On Saturday, September 10, 1994, Shepard told Sargent, his friend and dentist, that Aldrich was on the Purolator board and he stated, "I am aware of a company right now that is probably going to be bought," but "even if I had the money I can't buy stock in this company because I am too close to the situation." The following Monday, Sargent contacted his broker and asked him to do some research on Purolator. Sargent thereafter purchased a total of 20,400 shares of Purolator. Sargent also notified his close friend Scharn of his purchases in Purolator. Scharn then purchased 5,000 shares of Purolator. Within a few days of the tender offer announcement, Sargent sold all of his Purolator stock at a profit of $141,768. Scharn sold his shares at a profit of $33,100.

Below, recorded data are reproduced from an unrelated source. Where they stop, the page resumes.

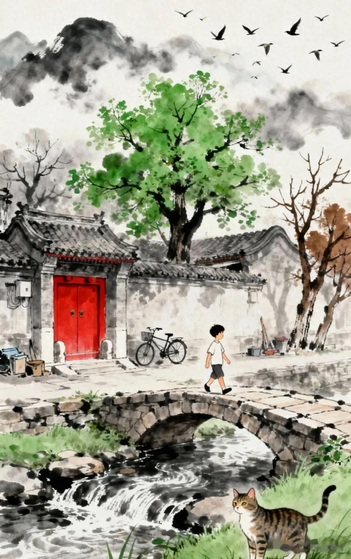 孩子的笑声,是这幅水墨画里最活泼的亮色。他们跑过深巷,跑过石桥,跑进了我们再也回不去的童年。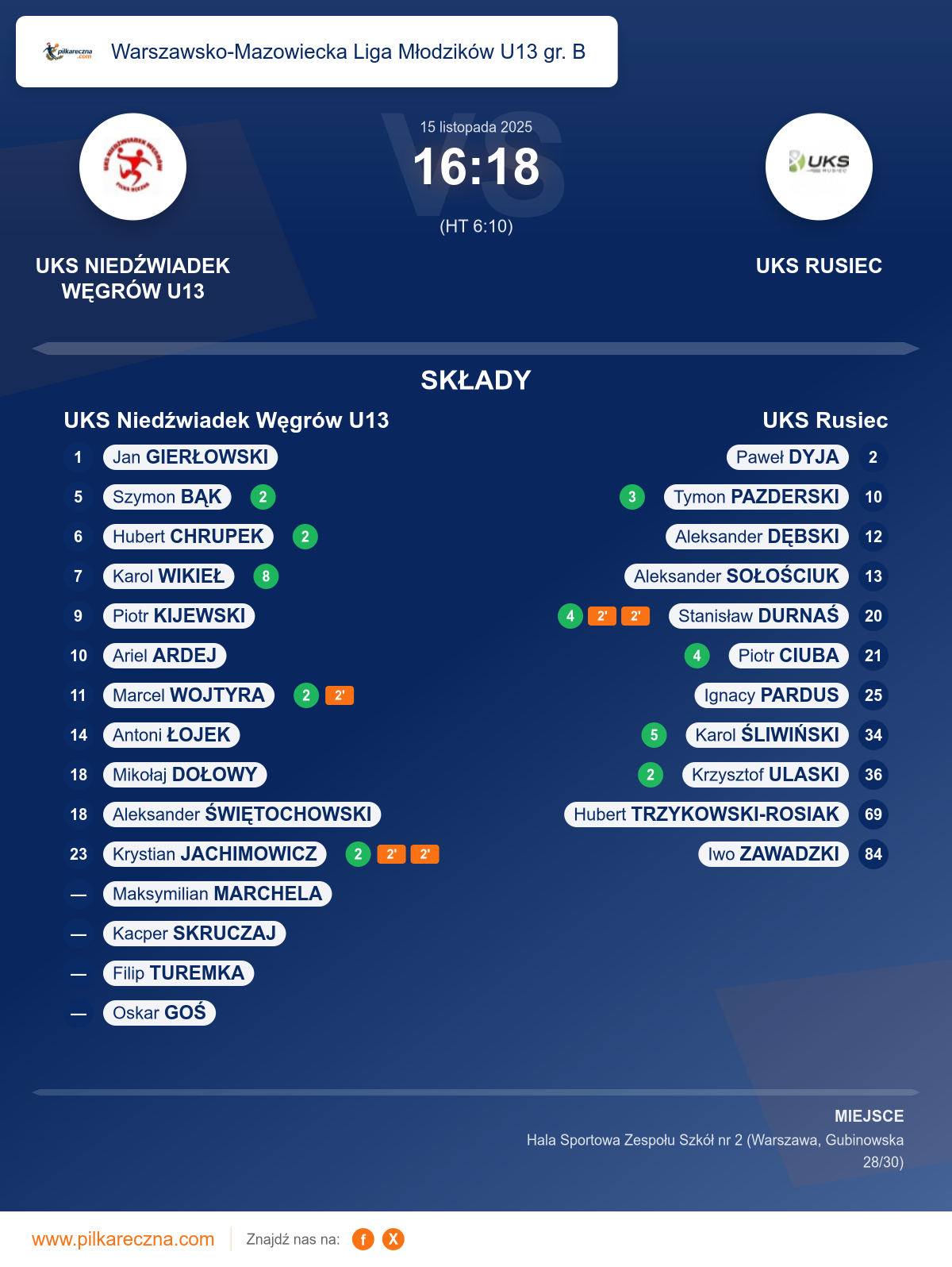 Hala: Hala Sportowa Zespołu Szkół nr 2 (Warszawa, Gubinowska 28/30)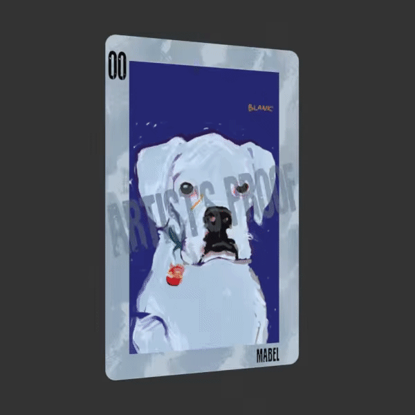 My rare artist’s proof of the DOGMA Portraits NFT card series. “Mabel” the white boxer was my first muse in the series and was painted in 2008. Since then, I have painted over 100 dogs and cats. https://dogmaportraits.com

The SEC filed the current action in March 1996, charging Shepard, Sargent, Scharn, and a fourth defendant with tipping and/or trading in violation of Exchange Act Section 10(b), Rule 10b-5, Section 14(e), and Rule l4e-3 and seeking injunctive relief, disgorgement, prejudgment interest, and civil penalties. The district court granted the defendants' motion for a directed verdict, holding that there was insufficient evidence that Shepard tipped Sargent on the evening of September 10, 1994. The SEC appealed that decision as to Shepard, Sargent, and Scharn (but did not appeal as to the fourth defendant), and in late 2000 this Court remanded the case for a new trial in October 2001. SEC v. Sargent, 229 F.3d 68 (1st Cir. 2000). On remand, the jury found Shepard and Sargent liable for violations of Section 14(e) and Rule 14e-3 but did not find them liable for violations of Section 10(b) and Rule 10b-5. The jury found Scharn not liable on all counts.

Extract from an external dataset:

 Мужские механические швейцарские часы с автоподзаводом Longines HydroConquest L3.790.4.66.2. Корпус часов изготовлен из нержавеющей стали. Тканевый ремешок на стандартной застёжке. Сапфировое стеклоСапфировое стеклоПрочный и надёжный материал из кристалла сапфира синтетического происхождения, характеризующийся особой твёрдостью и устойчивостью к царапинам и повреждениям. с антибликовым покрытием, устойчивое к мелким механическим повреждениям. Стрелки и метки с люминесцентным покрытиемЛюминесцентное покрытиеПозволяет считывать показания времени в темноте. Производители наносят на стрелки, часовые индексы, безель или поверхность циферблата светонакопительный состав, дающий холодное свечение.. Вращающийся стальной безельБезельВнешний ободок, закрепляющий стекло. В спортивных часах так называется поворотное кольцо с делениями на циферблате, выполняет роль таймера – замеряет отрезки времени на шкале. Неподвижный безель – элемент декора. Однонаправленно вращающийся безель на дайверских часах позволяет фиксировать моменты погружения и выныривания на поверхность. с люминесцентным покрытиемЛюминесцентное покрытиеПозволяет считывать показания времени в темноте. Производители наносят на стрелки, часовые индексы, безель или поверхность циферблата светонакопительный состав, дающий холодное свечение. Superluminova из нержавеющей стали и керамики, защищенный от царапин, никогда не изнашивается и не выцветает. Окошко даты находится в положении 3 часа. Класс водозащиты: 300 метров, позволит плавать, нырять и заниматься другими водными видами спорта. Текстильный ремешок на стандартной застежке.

On March 27, 2002, the district court issued an amended final judgment ordering Sargent and Shepard jointly and severally liable for disgorgement of Sargent's and Scharn's trading profits, a total of $174,868. The court declined to enter an injunction against future violations. The court also refused to order the defendants to pay prejudgment interest on the disgorgement amount and to assess penalties pursuant to the Insider Trading and Securities Fraud Enforcement Act of 1988 ("ITSFEA"), codified in Section 21A(a) of the Exchange Act, 15 U.S.C. 78u-1(a). This appeal of the district court's denial of an injunction, interest, and penalties followed.

II. Standard of Review

In an SEC enforcement case, we review the district court's decision regarding injunctions, prejudgment interest, and civil penalties for abuse of discretion. Riseman v. Orion Research, Inc., 749 F.2d 915, 921 (1st Cir. 1984). Under this rubric, "[a]buse occurs when a material factor deserving significant weight is ignored, when an improper factor is relied upon, or when all proper and no improper factors are assessed, but the court makes a serious mistake in weighing them." Indep. Oil & Chem. Workers of Quincy, Inc. v. Procter & Gamble Mfg. Co., 864 F.2d 927, 929 (1st Cir. 1988). Further, "a district court abuses its discretion if it incorrectly applies the law to particular facts." Am. Bd. of Psychiatry & Neurology v. Johnson-Powell, 129 F.3d 1, 3 (1st Cir. 1997).

III. Injunctive Relief

The SEC argues that the district court relied on an erroneous legal standard in refusing to grant an injunction against future violations of securities laws.